C
cassini
Guest
When I got to the first ‘PROBABLY’ I switched off. Their whole ‘science’ depends on assumptions, but assumptions are not science but a faith, a belief, a hope their atheism depends on.There is more to life that just animals and plants. At the base of the tree of life there are three major groups: bacteria, archea and eukaryotes (the viruses evolved later). The eukaryotes are divided into protists, plants, animals and fungi. Protists are always single celled. Plants and fungi may be single celled or multi celled. Animals (metazoa) are all multi celled.
The first living thing was probably a very simple single celled proto-bacterium. It did need to eat and basically it would have eaten the chemicals in the water around it. Bacteria can process many different chemicals and since life is theorised to have arisen in the chemical soup, then the first life would have started off eating that soup.

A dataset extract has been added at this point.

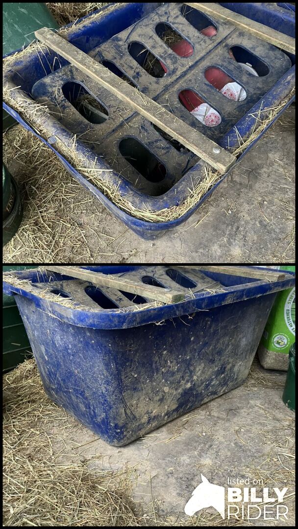 Abholung am Stall in Heiden. Der Original-Einschiebedeckel ging kaputt; stattdessen halten zwei Holzstreben die Fressbremse. Das funktioniert genauso gut wie der originale Deckel und das Fressgitter lässt sich sogar noch besser ein- und ausbauen.
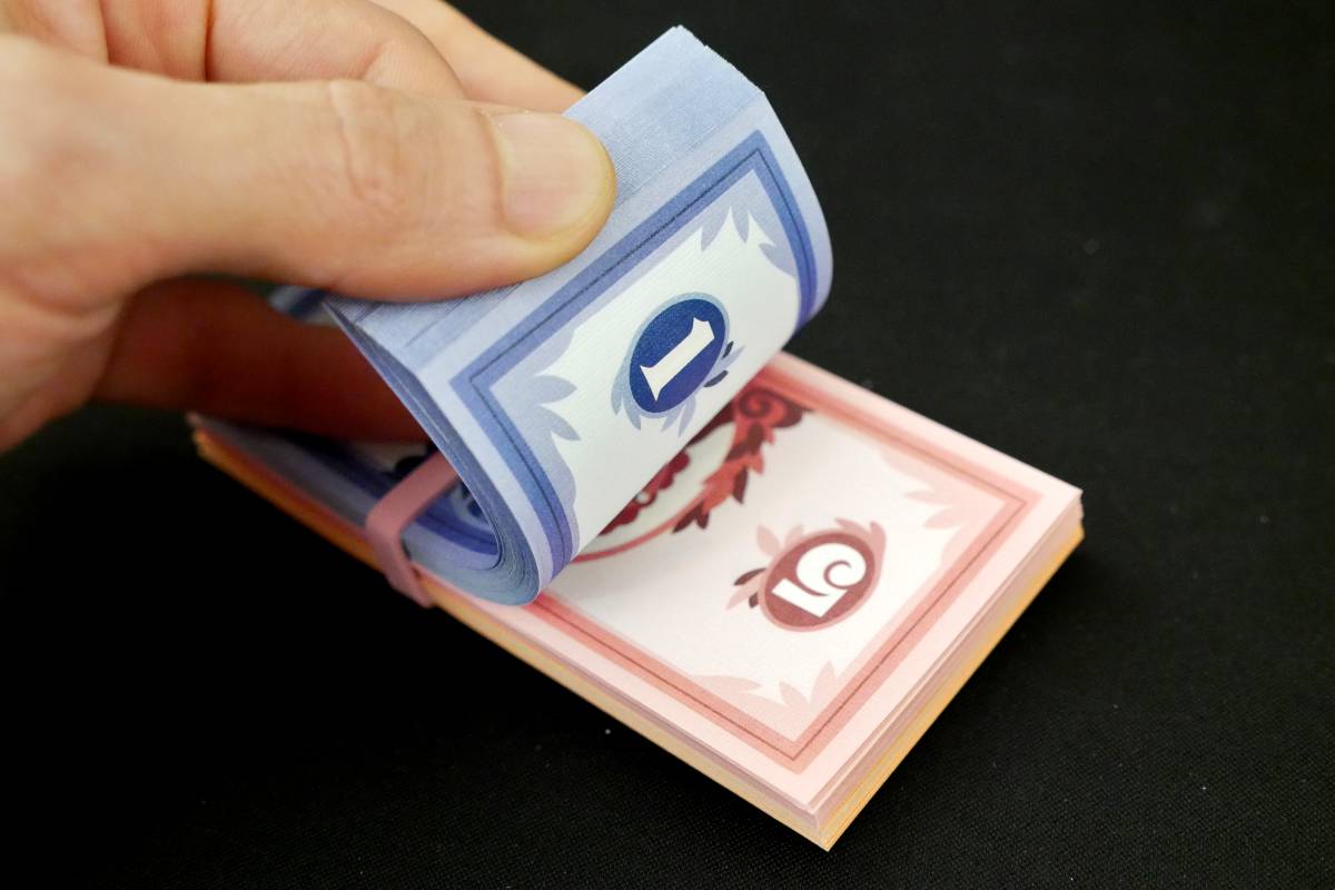 The paper money is a pretty big negative. Sure, it's nicer than the other paper money I've seen in games, but it's still difficult to handle. While the surface is textured and feels premium at first, it's still thin and small and sticks together. I hate trying to peel off a single $1 or $5 bill, and it takes more fiddling than it should. I'd absolutely prefer chips or tokens, which are the norm in board games for good reason.

No. The early earth had almost zero free oxygen; all early life was anaerobic - it did not need oxygen. Many bacteria today do not need oxygen - they form the smelly stagnant mess at the bottom of ponds. Oxygen only became important after photosynthesis evolved. For much of early life oxygen was a poison, see the Oxygen Catastrophe.

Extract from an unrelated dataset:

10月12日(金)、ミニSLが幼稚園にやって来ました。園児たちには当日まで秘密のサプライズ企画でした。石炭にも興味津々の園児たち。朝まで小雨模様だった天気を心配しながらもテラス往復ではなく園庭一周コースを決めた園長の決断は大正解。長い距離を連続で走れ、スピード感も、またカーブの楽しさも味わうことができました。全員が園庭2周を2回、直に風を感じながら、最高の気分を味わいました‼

You have been misinformed. Anaerobic bacteria and archea do not need air to breathe, and indeed for the great majority of then oxygen is a poison. Early life did not require oxygen and was entirely anaerobic.
Photosynthesis evolved about a billion years after the origin of life, before that there were no plants. Multi-celled animals evolved about two billion years after plants. Early plants were all single celled algae. Conditions on the early earth were very different to conditions now. Life on the early earth was also very different to life now. You seem to be trying to extrapolate the present back into the past, this is a mistake. The distant past was very different.
The first life was very probably very simple proto-bacteria. Archaea are also single celled and probably evolved from bacteria before the arrival of photosynthesis (and hence oxygen). At this point various single celled organisms were eating raw chemicals and each other. Once photosynthesis evolved algae could start making their own food from carbon dioxide, water and sunlight. Some bacteria/archaea evolved to make use of the oxygen that photosynthesis produced while others retreated to places where there was no oxygen - the ancestors of the modern anaerobes. Later still a bacterium and an archaea merged to form the first single celled eukaryote. All eukaryotes use oxygen; we are eukaryotes and our mitochondria are the descendants of the bacterial part of the merger. Different elements of the current system evolved at different times, each new arrival making use of what was already present and the existing organisms adjusting to take account of the new presence.